[Input data]
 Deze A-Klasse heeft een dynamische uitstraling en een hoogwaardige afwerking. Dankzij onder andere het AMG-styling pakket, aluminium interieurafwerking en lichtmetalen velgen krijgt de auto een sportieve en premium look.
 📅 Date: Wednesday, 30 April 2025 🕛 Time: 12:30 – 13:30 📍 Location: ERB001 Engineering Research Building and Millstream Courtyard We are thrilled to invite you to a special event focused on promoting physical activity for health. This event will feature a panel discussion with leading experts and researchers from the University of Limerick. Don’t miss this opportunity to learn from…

---

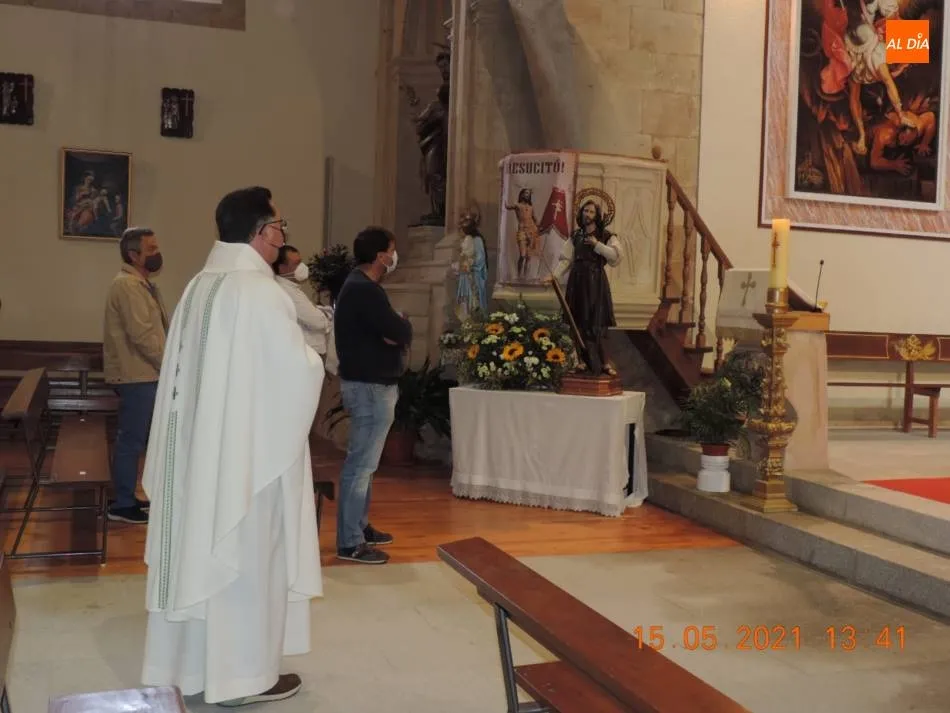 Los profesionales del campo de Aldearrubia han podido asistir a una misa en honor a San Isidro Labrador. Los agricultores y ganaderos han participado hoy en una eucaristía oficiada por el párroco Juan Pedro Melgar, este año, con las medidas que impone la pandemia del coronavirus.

[Exercise] Set down, exactly as they appear above, all lines from the one that has "Deze A-Klasse heeft" down to the one that has "to learn from…", including those two and no others.

[Worked solution]
 Deze A-Klasse heeft een dynamische uitstraling en een hoogwaardige afwerking. Dankzij onder andere het AMG-styling pakket, aluminium interieurafwerking en lichtmetalen velgen krijgt de auto een sportieve en premium look.
 📅 Date: Wednesday, 30 April 2025 🕛 Time: 12:30 – 13:30 📍 Location: ERB001 Engineering Research Building and Millstream Courtyard We are thrilled to invite you to a special event focused on promoting physical activity for health. This event will feature a panel discussion with leading experts and researchers from the University of Limerick. Don’t miss this opportunity to learn from…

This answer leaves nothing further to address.